The input data for the RL-DITR model is preprocessed in a CSV file format. Each row in the CSV file represents the observation of a patient at a specific time point.
The CSV files should be placed in a folder. For training and testing, a data table task/data.csv should be created. The data table include the CSV file paths and dataset splits for training, validation, and testing.
An example of the csv file is as follows:
| step | datetime_norm | timegroup | age | gender | BMI | glu | insulin | insulin_group |
|---|---|---|---|---|---|---|---|---|
| 0 | 2019-11-13 06:00:00 | 0 | 65 | F | 25.1 | 6.9 | 18 | premixed acting |
| 1 | 2019-11-13 08:30:00 | 1 | 65 | F | 25.1 | 9.4 | ||
| 2 | 2019-11-13 10:30:00 | 2 | 65 | F | 25.1 | 6.8 | ||
| 3 | 2019-11-13 13:00:00 | 3 | 65 | F | 25.1 | 7.8 | ||
| 4 | 2019-11-13 16:30:00 | 4 | 65 | F | 25.1 | 6.6 | 12 | premixed acting |
| 5 | 2019-11-13 19:00:00 | 5 | 65 | F | 25.1 | 17.7 | ||
| 6 | 2019-11-13 21:00:00 | 6 | 65 | F | 25.1 | 7.8 | ||
| 7 | 2019-11-14 06:00:00 | 0 | 65 | F | 25.1 | 5.9 | ||
| 8 | ... |
The following columns should be included in the input data:
step: An integer representing the time step of the observation.datetime_norm: A string representing the date and time of the observation in a format that can be parsed as datetime.timegroup: An integer representing the time of day group of the observation. The time groups should be defined in a way that makes sense for the problem domain, such as grouping observations by morning, afternoon, and evening.age: A float representing the age of the patient.gender: A character ('M' or 'F') representing the gender of the patient.BMI: A float representing the body mass index (BMI) of the patient.glu: A float representing the glucose level of the patient.insulin: A float representing the insulin dose given to the patient.insulin_group: A string representing the type of insulin dose given to the patient. This could include categories such as short-acting, long-acting, or premixed.
To train the RL-DITR model, you can use the run.py script included in the repository. An example of running the training script is as follows:
python3 run.py train rlsl task/data.csv data/processed output/rlditr --batch_size=32 --gpus 0,1,2,3 --num_workers=8 --lr=0.0005 --n_epoch=100In this command, the train specifies that we want to train the model, rlsl specifies the RL-DITR model to use, task/data.csv specifies the data table file, data/processed specifies the folder where the preprocessed csv files are placed, output/rlditr specifies the folder where the training results (including training config, logs, test predictions, and model checkpoints) will be saved.
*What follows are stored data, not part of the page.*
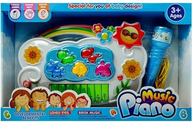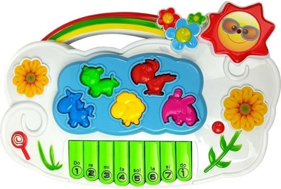Het pianootje heeft 8 toetsen en vijf dieronderdelen (kat, papegaai, paard, schaap, olifant) die op de juiste posities geplaatst worden – een geweldige vorm van plezier en training van de fijne motoriek. Het speelgoed biedt keuze uit 2 talen (Engels, Spaans) voor speels leren van woordjes en geluiden.
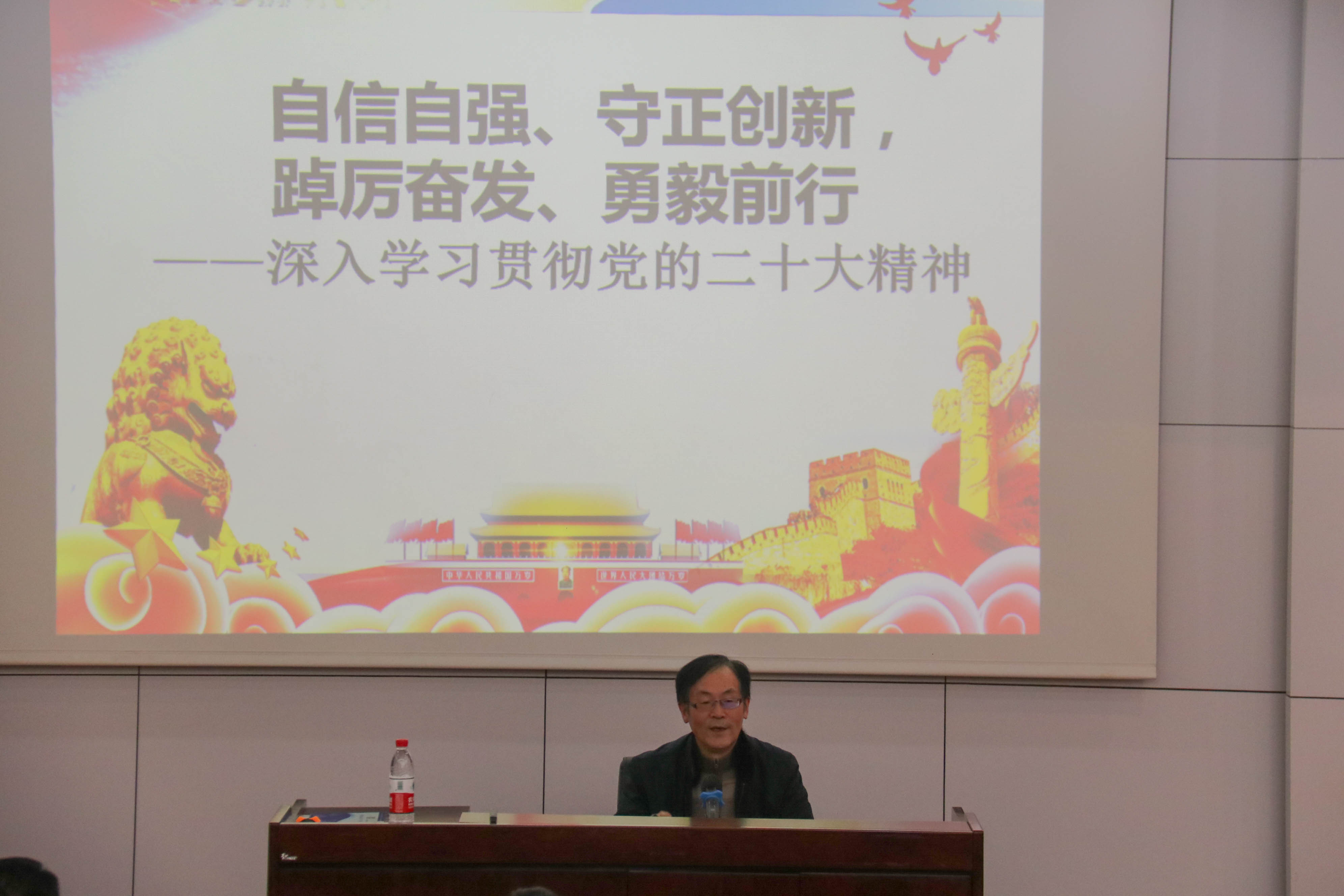 宣讲团专家组成员刘占祥教授作了题为“自信自强、守正创新、踔厉奋发、勇毅前行——深入学习贯彻党的二十大精神”的专题辅导报告,学院党政领导班子、师生各党支部委员、党外知识分子、机关工作人员共100余人参加了报告会。报告会由学院党委书记王斌主持。
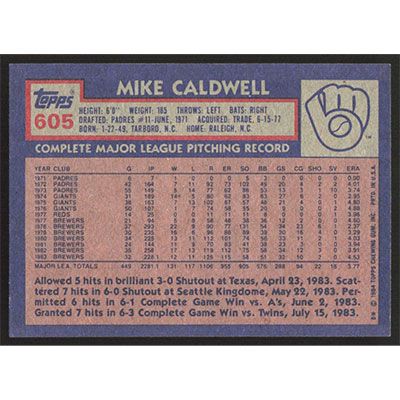 This is a 1984 Topps Mike Caldwell baseball card. The card is #605 and pictures show condition.
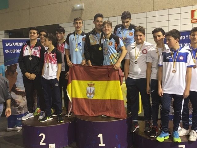En los relevos el equipo juvenil formado respectivamente por Javier , Ander , Iván y los dos Diegos consiguen el título de campeones de castilla y león en las pruebas 4x50m natación con obstáculo, 4x25m arrastre de maniquí y 4x50m combinada de salvamento haciendo en todos ellos récord de Castilla y León.
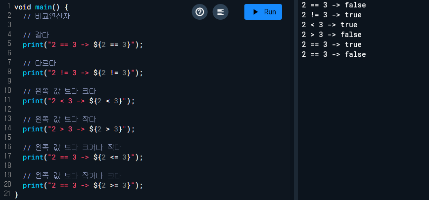두 개의 값을 비교하여 결과를 참 / 거짓 으로 반환하는 연산자 입니다.
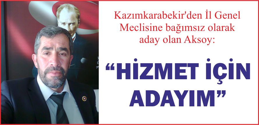 Kazım Karabekir’in MHP’li il genel meclis üyesi Mustafa Aksoy, 30 Mart’da yapılacak seçimlerde Kazım Karabekir ilçesinden bağımsız olarak il genel meclisine yeniden aday ğunu açıkladı.
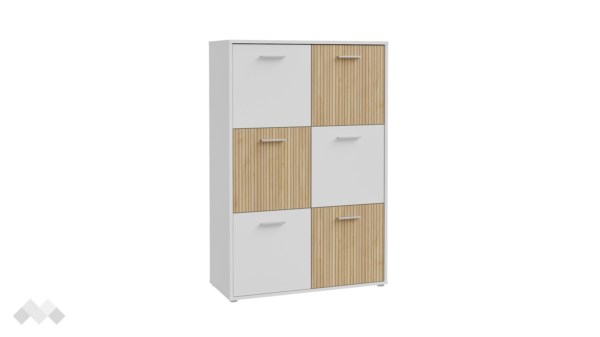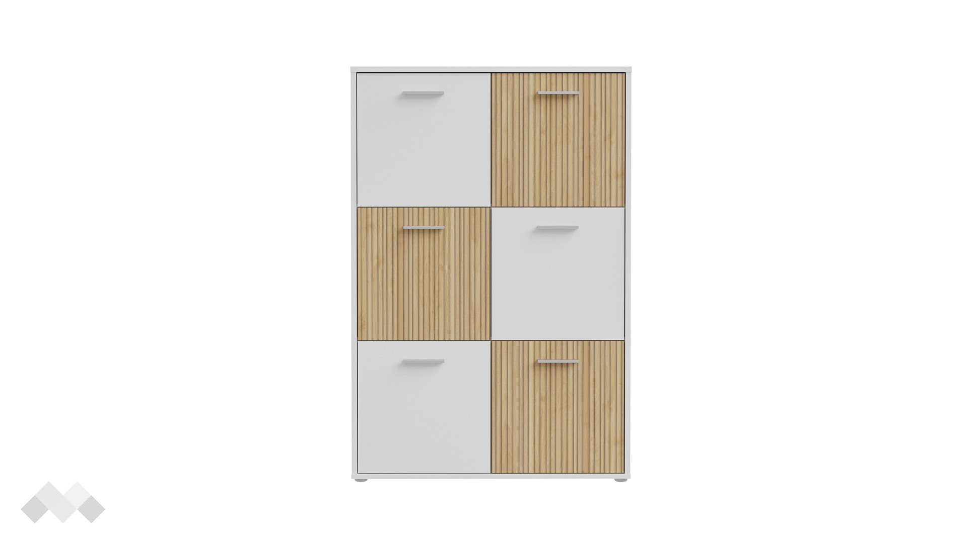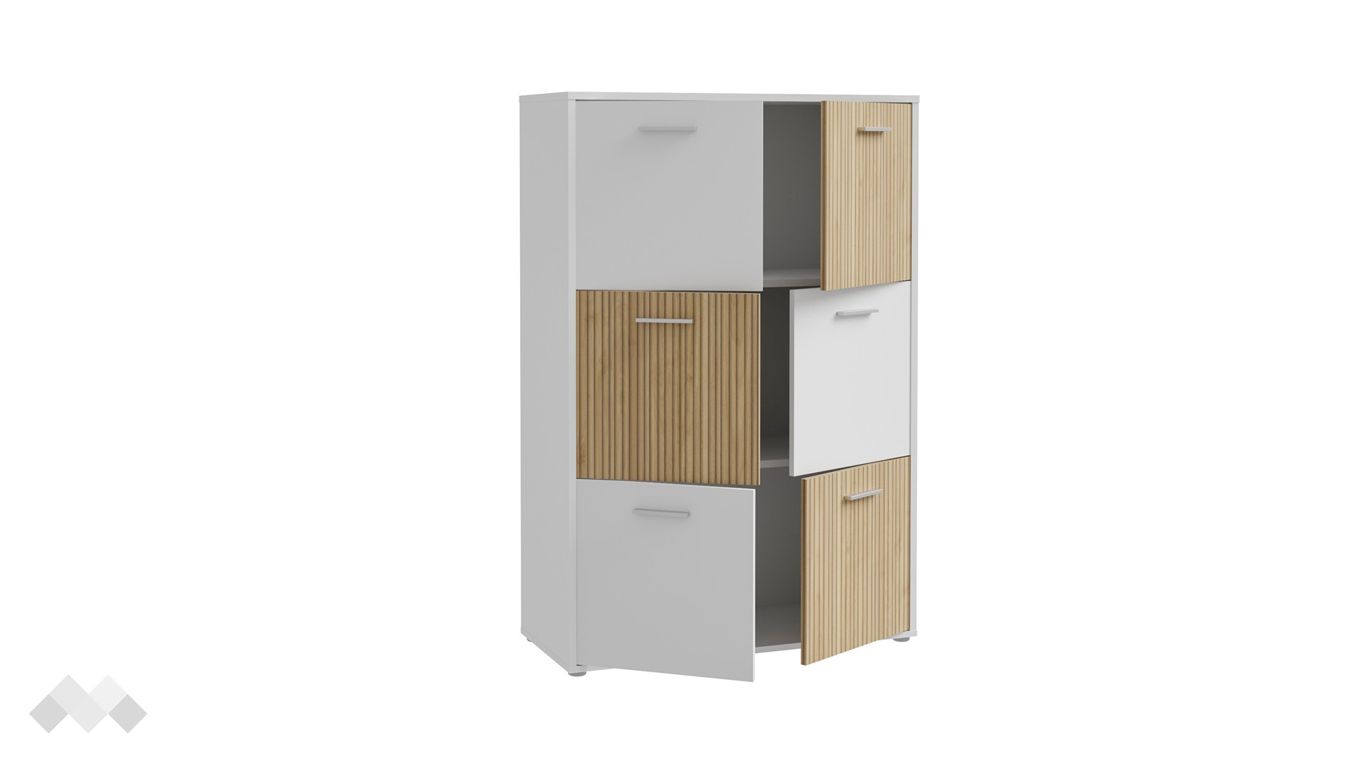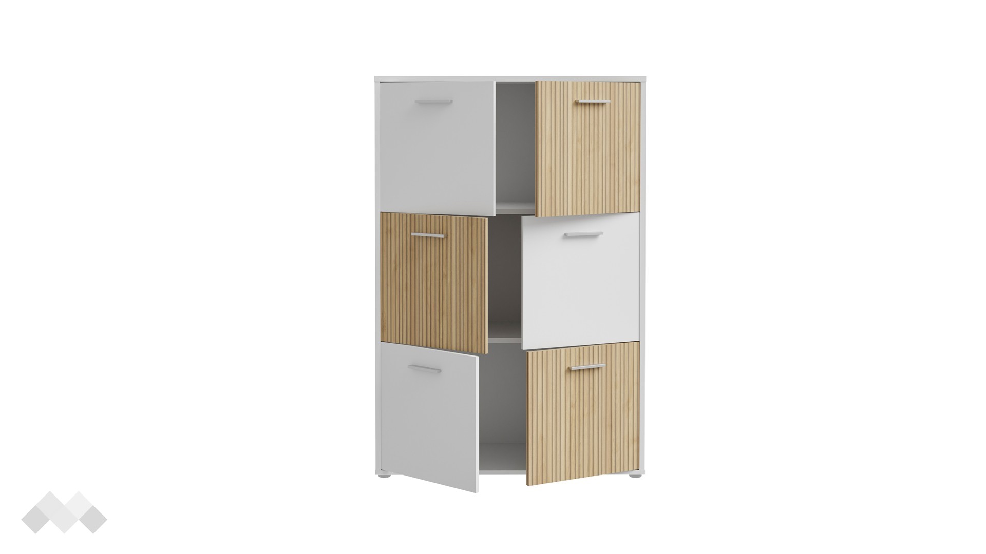 Шкафът предлага удобно разпределение с шест врати, които разкриват обширни отделения, подходящи за дрехи, аксесоари или домакински принадлежности.

The following arguments are optional:
--batch_size: The batch size to use during training or testing.--gpus: The list of GPUs to use during training or testing.--num_workers: The number of CPU workers to use for data loading during training or testing.--lr: The learning rate to use during training.--n_epoch: The number of epochs to train for.
Please note that the specific values for these arguments should be chosen based on your hardware and the size of your dataset.
To run the RL-DITR model, you can use the ts/arm.py script included in the repository. An example of running the inference script is as follows:
python3 ts/arm.py --model_dir assets/models/weights --df_meta_path assets/models/features.csv --csv_path assets/data/sample.csv --scheme 'premixed,na,premixed,na' --start_time '2022-01-16' --days 2In the above command:
--model_dirspecifies the directory that contains the trained model weights.--df_meta_pathspecifies the path to the CSV file defining data features.--csv_pathspecifies the path to the sample in CSV format that you want to perform inference on.--schemespecifies the treatment scheme for the sample. n this case, 'mixed,na,mixed,na' implies that a mixed insulin regimen is adopted.--start_timeindicates the start date of the prediction output.--daysindicates the duration (in days) of the prediction output.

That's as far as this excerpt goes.